Friday was even better. That morning I stopped at the Virginia Book Company, which was going out of business, and found on its half-emptied shelves a beautiful copy of A Desert Drama, the American title given to Arthur Conan Doyle’s The Tragedy of the Korosko. In this eerily contemporary novel, Middle Eastern terrorists kidnap a group of western tourists, intending to sell the younger women, including a recent American college graduate, into slavery and execute the men—unless they all convert to Islam. Will they? Can they? Sir Arthur works the suspense—and the melodrama—for all its worth.

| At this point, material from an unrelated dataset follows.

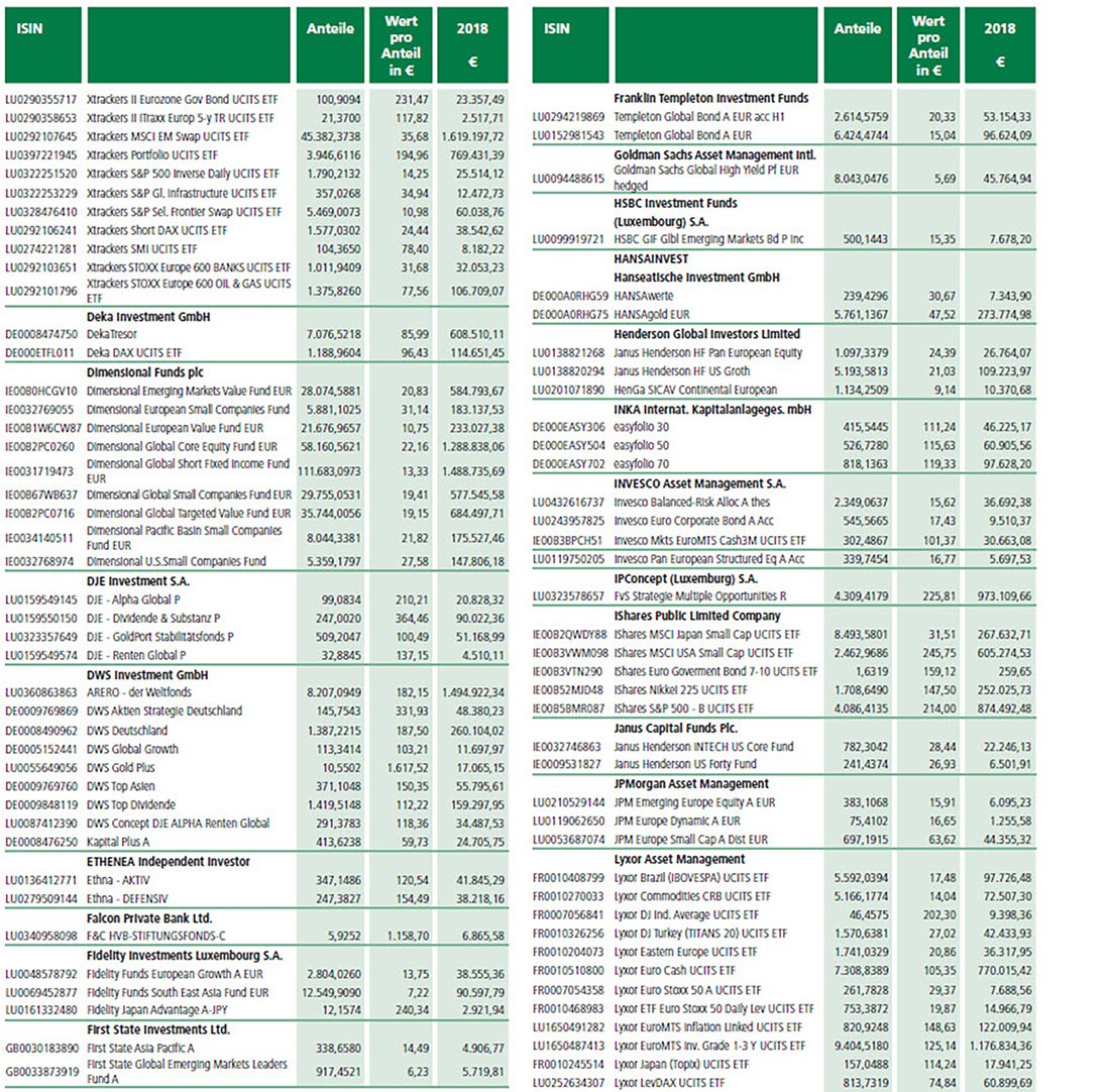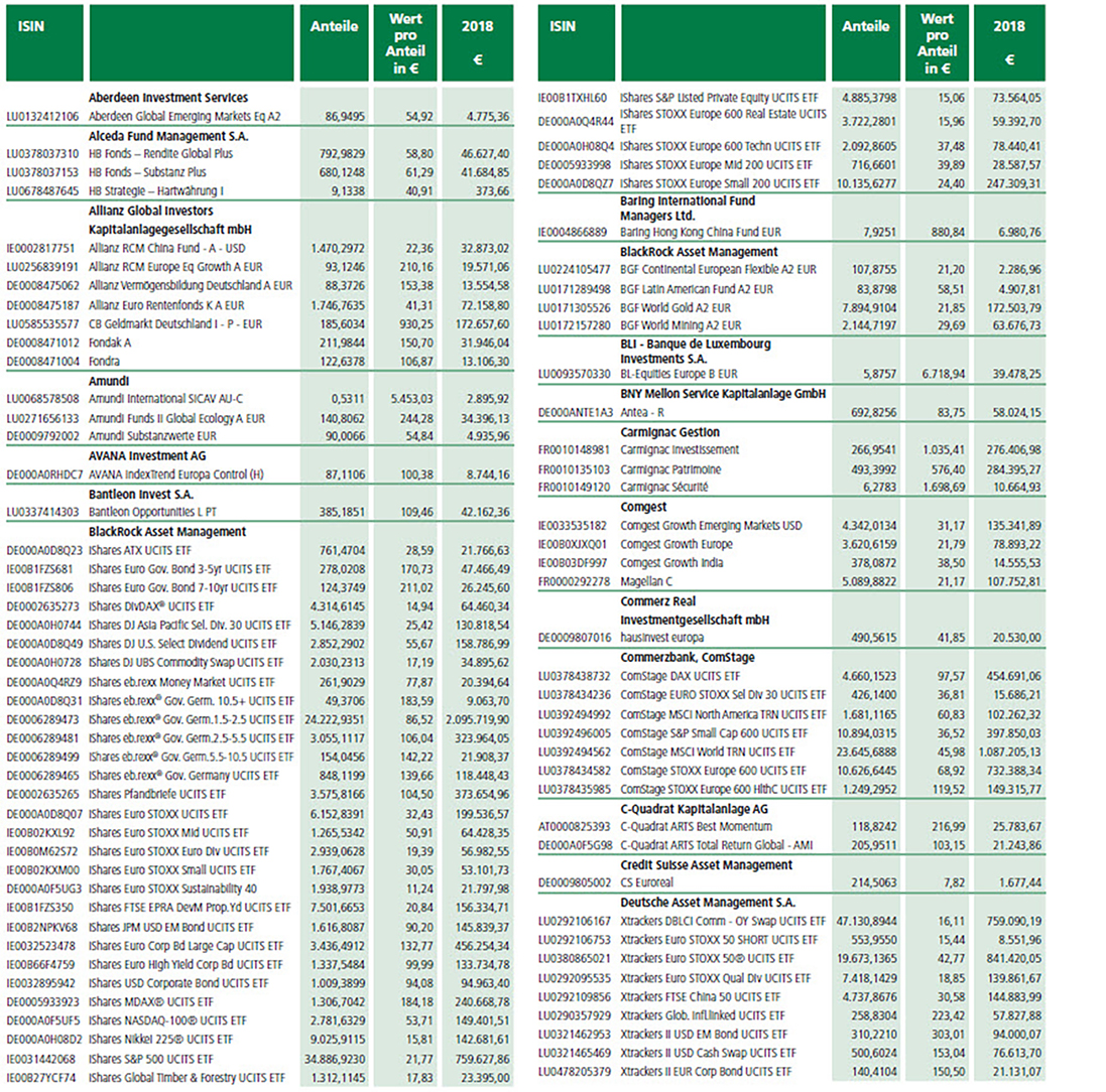 Die Bewertung der dem Umlaufvermögen zugeordneten Aktien, Anteile oder Aktien an Investmentvermögen erfolgt nach dem strengen Niederstwertprinzip. Sie werden zum Zeitwert, höchstens jedoch zu Anschaffungskosten, angesetzt. Wurden Aktien, Anteile oder Aktien an Investmentvermögen gleicher Art und Gattung zu unterschiedlichen Anschaffungskosten erworben, so wurde daraus ein Durchschnittsanschaffungswert gebildet. Die Zeitwerte wurden anhand der Börsenwerte und Rücknahmepreise zum 31.12.2018 ermittelt. Insgesamt beträgt die Abschreibung bei 104 Papieren 664 Tausend Euro. Die Zuschreibung bei vier Papieren beträgt 48 Tausend Euro. Die in dieser Position enthaltenen Immobilienfonds sind dem Anlagevermögen zugeordnet und wurden nach dem gemilderten Niederstwertprinzip bewertet. Für Investmentanteile mit einem Buchwert von 8.638 Tausend Euro ergaben sich stille Lasten von 77 Tausend Euro.

Once I got back to Daedalus I bought the previous day’s books, along with a few more items unearthed that morning. One was a copy of a school novel called Decent Fellows, by an old Etonian named John Heygate, now remembered, if at all, for being the co-respondent in the shattering breakup of Evelyn Waugh’s first marriage. (Waugh said: “I did not know it was possible to be so miserable and live.”) Then it was off to Heartwood, a used-book store located near the University of Virginia campus. I bought more books there—including a so-so first American edition of H. G. Wells’s In the Days of the Comet, which I later realized I already owned (albeit in an even more dilapidated condition). By this time, though, I found myself feeling increasingly guilty, seeing that it was the middle of the afternoon and I was really supposed to be at the Omni Hotel to listen in on some of the ADE panels.

I sauntered into the hotel’s lobby with perfect timing: one panel had just let out, people were standing around chatting over coffee and cake, and I was soon saying hello to Harriet Simon, who quickly introduced me to a half dozen of her colleagues. I caught the last panel of the afternoon—focusing on a governmental report on the needs of scholarly editors—and then had time to freshen up before the cocktail party and banquet.

At dinner I found myself seated with the officers of the ADE and several people who worked at either Monticello, the University of Virginia Press, or a special institute devoted to the Thomas Jefferson papers. Charlottesville is, of course, ever and always Mr. Jefferson’s town. Over conversation I discovered that one of my tablemates collected 19th-century “Boy’s Books,” in particular those series featuring the adventurous Rover Boys, Gunboat Boys, and similar daring youths. I couldn’t have asked for better company or conversation.

Halfway through the evening’s ceremonies I was presented with my plaque, as well as a small honorarium. When the banquet was over, many of my new friends were off to enjoy a nightcap at the hotel bar. But, alas, I couldn’t join them. My eldest son was arriving from Colorado that night, and the Dirda family was leaving for two days at the beach. So, just as a violent thunderstorm hit, I drove out of Charlottesville, got lost, asked for directions, and gradually made my way to Washington, where the Beltway was backed up due to either an accident or construction, convincing a certain frustrated Boydston Prize-winner to drive off into mysterious northern Virginia at 1 A.M., get completely lost again, plaintively beg for directions at a 7-Eleven, and then gradually make his way back to Silver Spring, Maryland, center of civilization. If ever there was a driver who needed a GPS system, I am that driver.

On my little excursion, I obviously spent more money on books than I should have. ’T’was ever thus. But, hey, I was on “vacation,” away from my family and surrounded by bookstores I didn’t get to visit very often, so really, what else could I have done? Besides, my honorarium from the Boydston Prize almost exactly covered my book purchases. In fact, I came out ahead by a few dollars. Best of all, I’d met some fascinating people, learned a lot more about scholarly editing, and came home with a standing invitation to a private tour of Monticello.